What content is required?


Regulation 4.09 requires every SMSF investment strategy to address four mandatory elements: risk and return, diversification, liquidity, and insurance. It must also consider the individual circumstances of each member.

4E

The four mandatory elements

  1. Risk and return: The level of investment risk the trustees are prepared to accept, and the return objectives of the fund. This does not need to be expressed in precise quantitative terms, but has to reflect the fund's actual approach. A fund that holds entirely cash would not usually have a strategy that says it targets high growth.
  2. Diversification: How investments will be spread across asset classes and individual assets to manage risk. The strategy has to show that the trustees have considered whether the fund's investments are appropriately diversified. A fund that holds a single asset has to address why that single-asset position is appropriate given the fund's circumstances.
  3. Liquidity: The fund's ability to meet its obligations as they fall due - pension payments, member benefit payments, tax obligations, and fund expenses. A fund with significant illiquid assets, such as property, has to address how it will meet these obligations if cash is needed.
  4. Insurance: Whether to hold insurance for members within the fund, and what types. The strategy does not require the trustees to hold insurance, but it has to document that the trustees have considered whether insurance is appropriate for each member.
MC

Member circumstances

The ATO requires that the investment strategy take into account the circumstances of each member, including their age, their expected retirement date, and their account balance. A strategy written as if the fund has generic anonymous members is inadequate.

This requirement is particularly important for funds where members have significantly different ages, balances, or time horizons - for example, where one member is 45 and another is 70.

IN

The insurance consideration

The insurance element is frequently missing or inadequate. The strategy needs to document:

  • That the trustees have considered whether to hold insurance for each member inside the fund
  • What types of insurance were considered (life, TPD, income protection)
  • The conclusion reached and why

The conclusion can legitimately be "we have considered the insurance needs of each member and determined that adequate cover is held outside the fund" - but this consideration needs to be documented and specific to each member.

Why it matters

The ATO has specifically flagged the insurance consideration as an area where many SMSF strategies are deficient. An auditor who finds a strategy that makes no mention of insurance at all is likely to raise this as a finding. The practical fix is usually a fund-specific paragraph addressing the conclusion the trustees reached on insurance for each member by name.

SP

Sole purpose connection

The investment strategy is expected to sit within the fund's sole purpose of providing retirement benefits to members, or death benefits to dependants. A strategy built around current personal use, related-party benefit, or investments that cannot be justified for retirement purposes creates a much broader compliance risk.

See the Rules & Limits Reference for the sole purpose test and related investment rules.

Section 03

What an adequate strategy looks like


There is no prescribed template for an SMSF investment strategy. What constitutes an adequate strategy depends on the fund's specific circumstances, members, and investments.

AC

Adequate strategy checklist

An adequate investment strategy is specific enough that a trustee, accountant, or auditor can compare it to the fund's actual investments and understand why the fund is invested that way.

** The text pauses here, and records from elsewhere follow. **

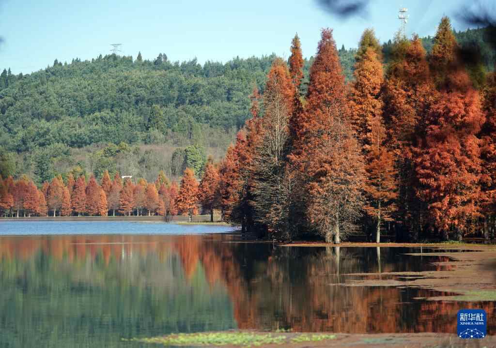 11月28日在云南省昆明市西山区三家村水库拍摄的水杉。
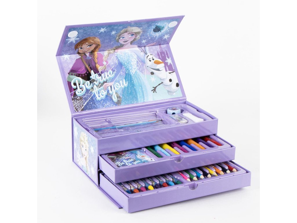 Sada na kreslení v kufříku s motivem Frozen obsahuje vše potřebné pro kreslení a tvoření na cestách i doma. Praktický kufřík usnadňuje přenášení a uchovávání potřeb, zatímco design s oblíbenou postavičkou zaujme fanoušky.Doplňkové parametry
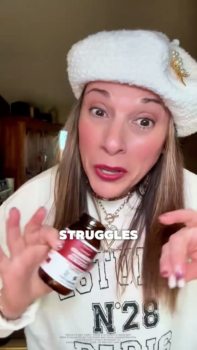 Beat 4 (0:13-0:19) — Misconception Correction: This beat corrects a common misunderstanding about cranberry supplements by stating, 'most of them are made from crushed up cranberries, but you actually need the cranberry juice to make it effective.' It directly challenges the viewer's likely assumption about how cranberry supplements work, prompting a reassessment of their prior beliefs.
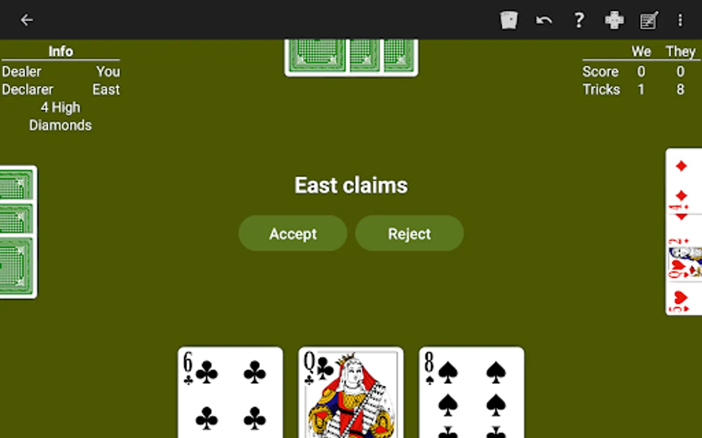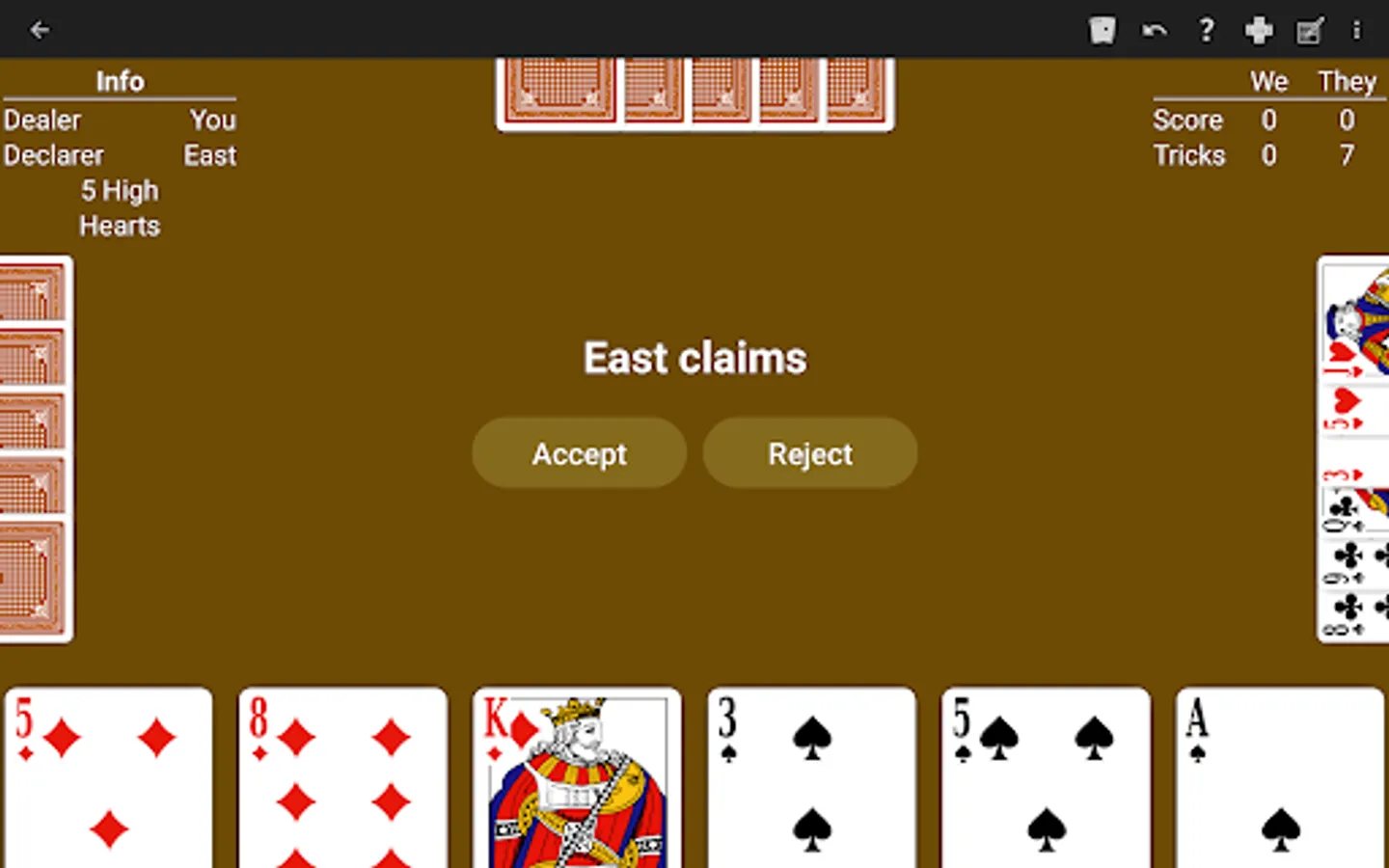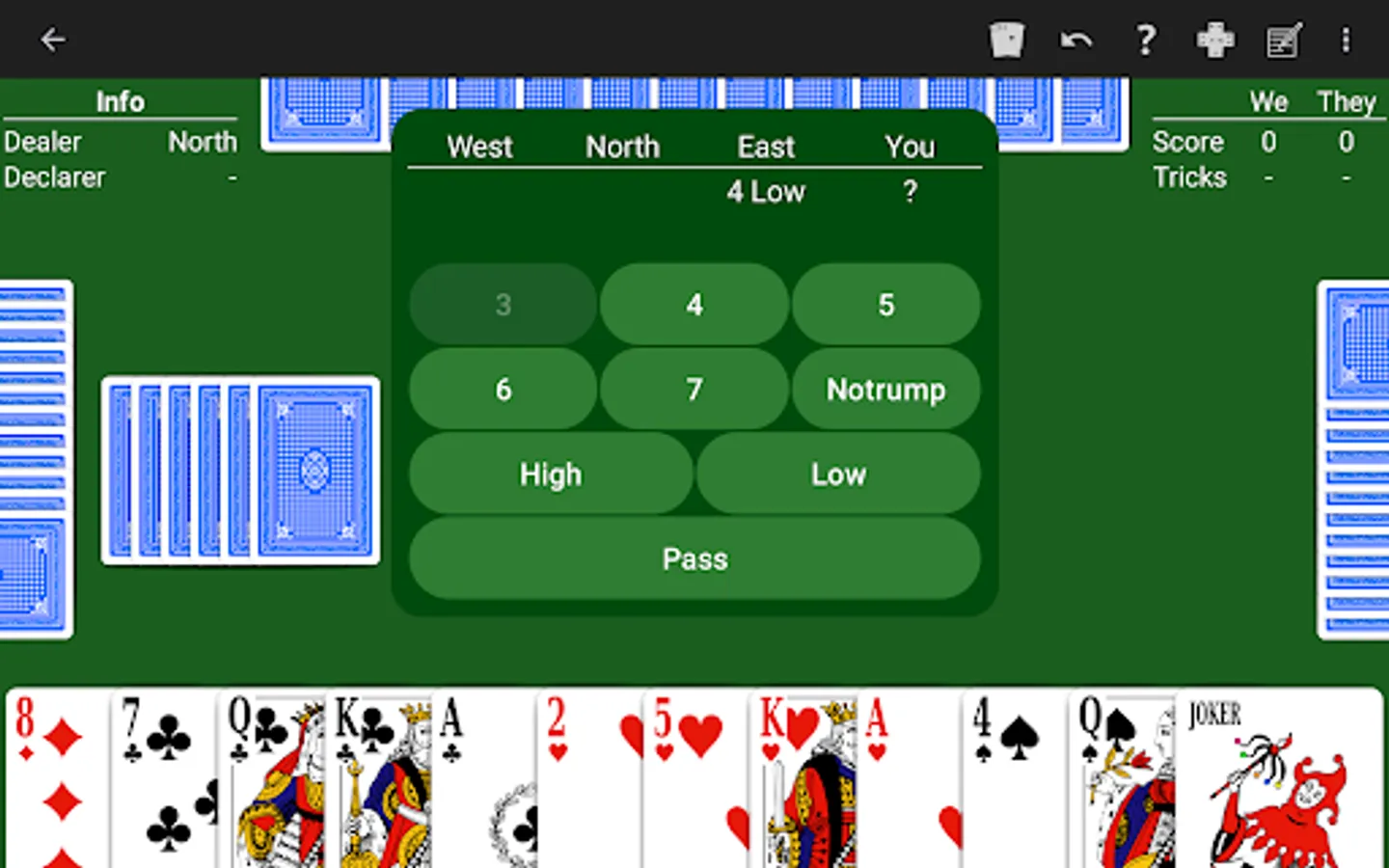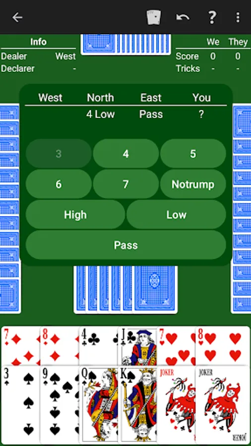 • Overtrick scoring. Choose whether overtricks are scored as one point or no points.

  • Is specific to the fund - it references the fund's name, its members' circumstances, and its actual investment approach
  • Addresses all four mandatory elements with genuine content (not boilerplate that could apply to any fund)
  • Is consistent with the fund's actual investment holdings
  • Sets realistic asset allocation ranges that reflect the fund's intended approach
  • Has been reviewed recently and the review is documented
  • Reflects any significant changes to the fund's circumstances
  • Is signed and dated by all trustees
AR

What are realistic asset allocation ranges?

There is no single correct range, but the ranges need to be narrow enough to describe how the fund actually intends to invest. Very broad ranges such as "0-100% in every asset class" usually provide no meaningful guidance.

Fund type Example ranges Strategy note
Growth-oriented accumulation fund Australian/international shares 55-85%; cash 5-20%; property/alternatives 0-25% Longer time horizon, higher volatility tolerance, and how liquidity will be maintained.
Pre-retirement fund Growth assets 35-65%; defensive assets 25-50%; cash 5-20% Transition toward retirement, expected benefit payments, and member risk appetite.
Pension-phase fund Growth assets 20-55%; defensive assets 30-60%; cash 10-25% Minimum pension payments, cash-flow needs, and sequencing risk.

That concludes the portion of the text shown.